Participants comprised 237 patients with surgically resected clinical stage I NSCLC. In addition to factors such as age, sex, and smoking status, the association between preoperative D-dimer level and survival was explored.

Results

Patients were divided into two groups according to D-dimer level: Group A, ≤ 1.0 μg/ml (n = 170); and Group B, > 1.0 μg/ml (n = 67). The 5-year recurrence-free survival rate was 81.6% for Group A and 66.6% for Group B (p < 0.001). The 5-year overall survival rate was 93.6% for Group A and 84.7% for Group B (p = 0.002). Multivariate survival analysis identified D-dimer level as an independent prognostic factor, along with age, maximum standardized uptake value of the primary tumor, and pathological stage.

Conclusions

Preoperative D-dimer level is an independent prognostic factor in patients with surgically resected clinical stage I NSCLC.

Keywords

D-dimerNon-small cell lung cancerPrognosis

Background

Patients with malignant tumors sometimes develop hypercoagulability, which can present as conditions like disseminated intravascular coagulation (DIC) and venous thromboembolism (VTE). Systemic hypercoagulability is frequently observed in patients with advanced-stage cancer, even if no thrombosis is present. One previous study expanded the definition of Trousseau’s syndrome to include chronic disseminated intravascular coagulopathy associated with microangiopathy, verrucous endocarditis and arterial emboli in patients with cancer, and this syndrome is frequent among patients with mucin-positive carcinoma [1]. More recently, the term has been applied to a wide variety of clinical situations, from classic descriptions to any form of coagulopathy occurring against a background of malignancy [2].

Physiological degradation of fibrin results in plasma D-dimer (D-dimer), and levels of this stable end product are increased by significant fibrin formation and fibrinolysis. D-dimer level thus offers an indicator of the hypercoagulable state often evident in patients with thrombosis or DIC. As levels of D-dimer are increased following clotting, measurement of D-dimer concentration is a standard initial assessment for suspected cases of acute VTE [3]. Increased concentrations of D-dimer are also seen with other situations, including infection, pregnancy, and cancer, and after trauma or surgery.
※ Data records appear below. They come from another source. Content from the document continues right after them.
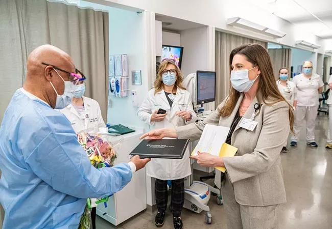 Recognizing caregivers who exhibit our values (Safety and Quality, Empathy, Inclusion, Integrity, Teamwork, and Innovation) in their daily work strengthens desired behaviors while creating greater alignment across the health system. Our Caregiver Celebrations recognition platform empowers caregivers to acknowledge each other for outstanding behavior and performance, in support of our values. For example, the Appreciation Award is a simple, non-monetary recognition that supports the values and patient experience.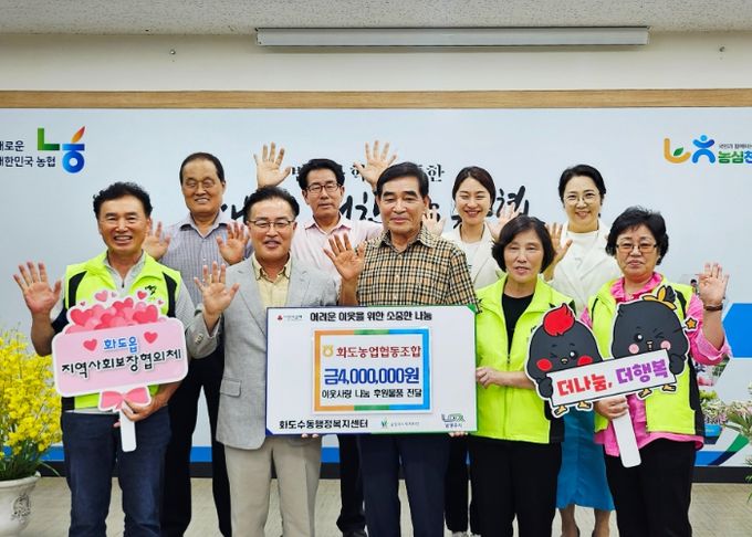 유형식 화도수동행정복지센터장은 “취약계층을 위한 관심이 절실한 시기에 소중한 나눔을 실천해 주신 화도농협에 깊이 감사드린다”며 “이번 기부가 명절을 외롭게 보내는 이웃들에게 따뜻한 위로가 되길 바란다”고 밝혔다.
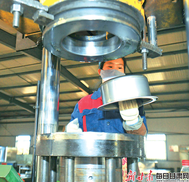 海斯特不锈钢制品公司不锈钢锅生产现场。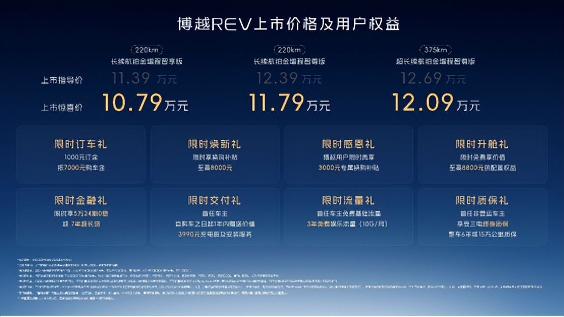 作为吉利博越十周年重磅力作,博越REV本次共推出三大版型:220km长续航铂金增程智享版、220km长续航铂金增程智尊版及375km超长续航铂金增程智尊版,上市惊喜价10.79万-12.09万元,起售价相比12.79万元的预售价格,整整下探了2万元,其中375km超长续航版本惊喜价12.09万元起,以同级领先纯电续航实力,树立A+级增程SUV价值新标杆。博越REV凭借吉利大厂品质和越级产品力,以极具诚意的售价,让20万级的高端增程体验走进更多家庭。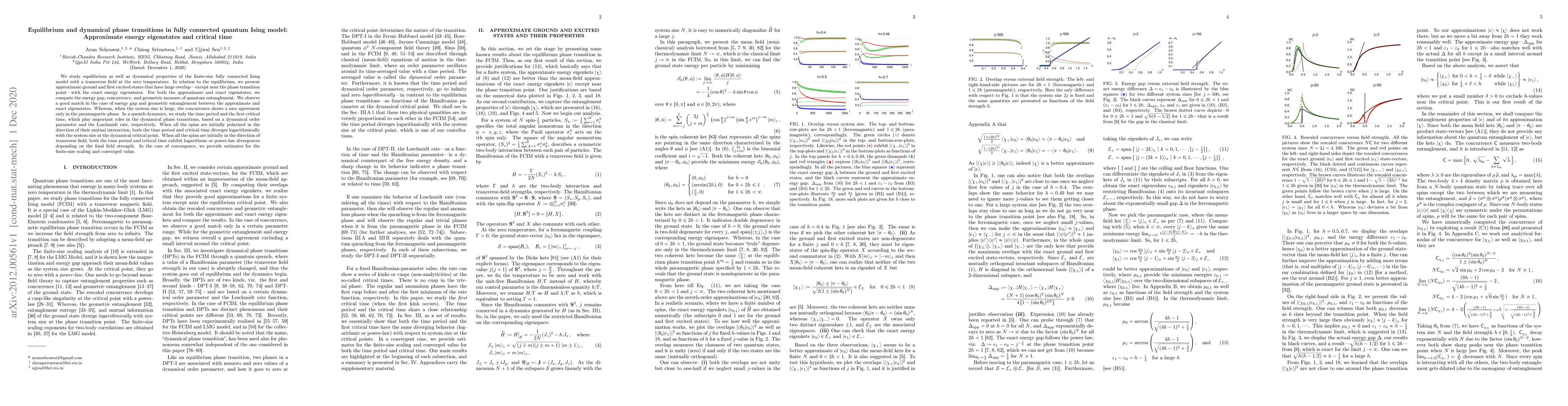 This study investigates equilibrium and dynamical phase transitions in a fully connected quantum Ising model, showing good matches between approximate and exact energy eigenstates for some properties, and logarithmic divergences in time-dependent quantities at the dynamical critical point.

Tumor-induced coagulation and fibrin formation have been reported as prerequisite to tumor angiogenesis, metastasis and invasion, with cross-linked fibrin in the extracellular matrix providing the basis for endothelial cell and tumor cell migration during angiogenesis and invasion [4, 5]. Various investigations have reported that D-dimer levels, reflecting the degree of coagulation and fibrinolytic activation, correlate with tumor stage, response to chemotherapy and prognosis for several types of cancer [69], including non-small cell lung cancer (NSCLC) [911]. However, the relevance of D-dimer level for primary lung cancer has yet to be established. This study aimed to elucidate the prognostic significance of preoperative D-dimer levels after complete resection of clinical stage I NSCLC.

Methods

Patient eligibility

Between April 2007 and August 2013, a total of 306 consecutive patients with potentially resectable NSCLC underwent measurement of D-dimer levels at Sagamihara Kyodo Hospital, Kanagawa, Japan. D-dimer level was measured within 4 weeks of surgery. We reviewed the data from 237 of these patients who were diagnosed with clinical stage I NSCLC according to the seventh edition of the TNM Staging Classification for Lung Cancer [12]. Patients who underwent incomplete resection or neoadjuvant chemotherapy/radiotherapy were excluded.
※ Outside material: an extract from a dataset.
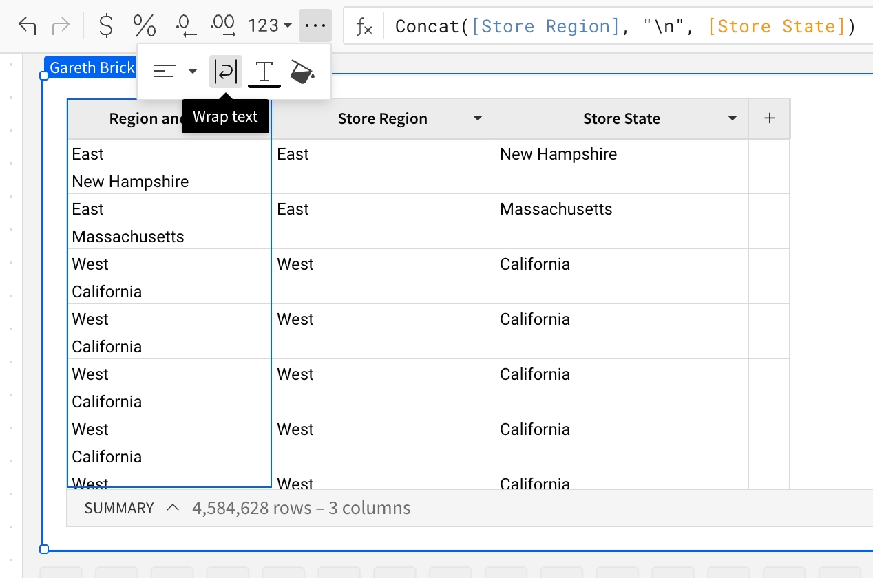 When the newline character () is added as an argument, Concat generates the subsequent argument on a new line. To view the output on separate lines, ensure Wrap text formatting is applied to the column.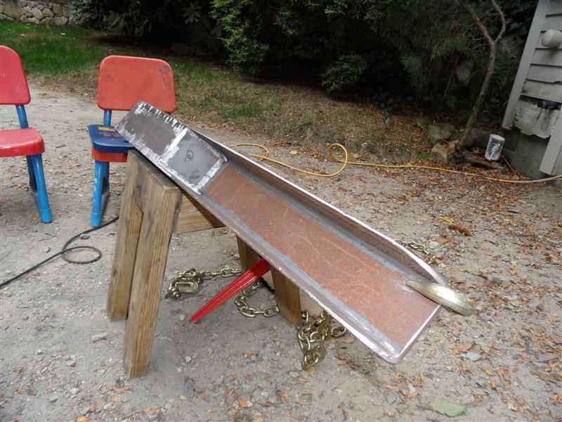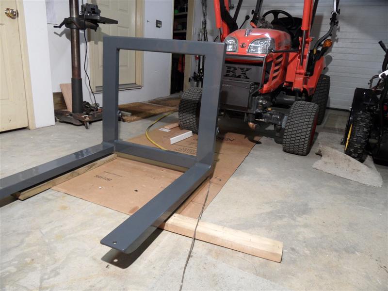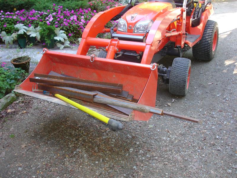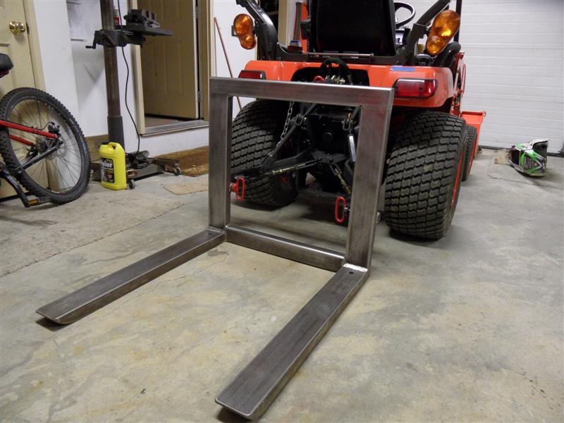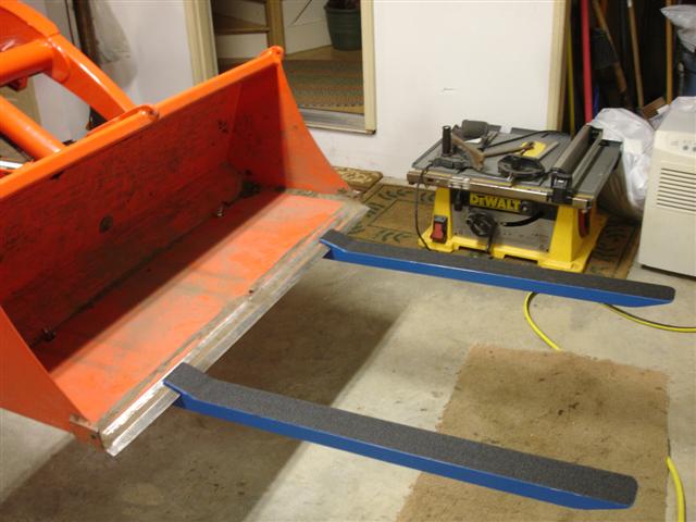 The fork channel is 4" x 1 3/4" x 1/4 x 34" long. Bottom has smaller channel nested in it from the elbow to 1/2 the length. as long as I don't load the tips, the tractor would probably tip over before the forks fail. On the list is a precast slab of concrete ballast (I have 7 bags of sakrete I've got to use up before it craps out on me). Also will cover the tops of the forks with 3M skid tape - the stuff is pretty tough - like I used on my front forks.

In addition to the D-dimer level, we reviewed the medical records of each patient for the following clinicopathological information: age, sex, smoking habit, serum concentration of carcinoembryonic antigen (CEA), extent of pulmonary resection, tumor location, maximum standardized uptake value (SUVmax) of the primary tumor, maximum tumor diameter, histological type, grade, pleural invasion, and pathological stage. All clinical, intraoperative, radiological, and pathological findings from two hospitals in Kanagawa, Japan (Sagamihara Kyodo Hospital and Yuai Clinic) were reviewed. Histological classification of NSCLC was based on the criteria of the World Health Organization [13]. Pre- and postoperative staging was based on the TNM staging system. Data collection and analyses were approved, and the need to obtain written informed consent from each patient was waived by the first author’s institutional review board, due to the retrospective nature of this investigation.

Computed tomography

Diagnostic-quality contrast-enhanced computed tomography (CT) of the chest with a slice thickness of 5 mm was performed for all patients. A tumor was deemed central if the center was located in the inner one-third of the lung parenchyma (adjacent to the mediastinum) on transverse CT. Peripherally located tumors were identified as those centered in the outer two-thirds of the lung parenchyma on transverse CT. The maximal diameter of lung nodules was measured on contrast-enhanced chest CT. All imaging was performed within 4 weeks of surgery.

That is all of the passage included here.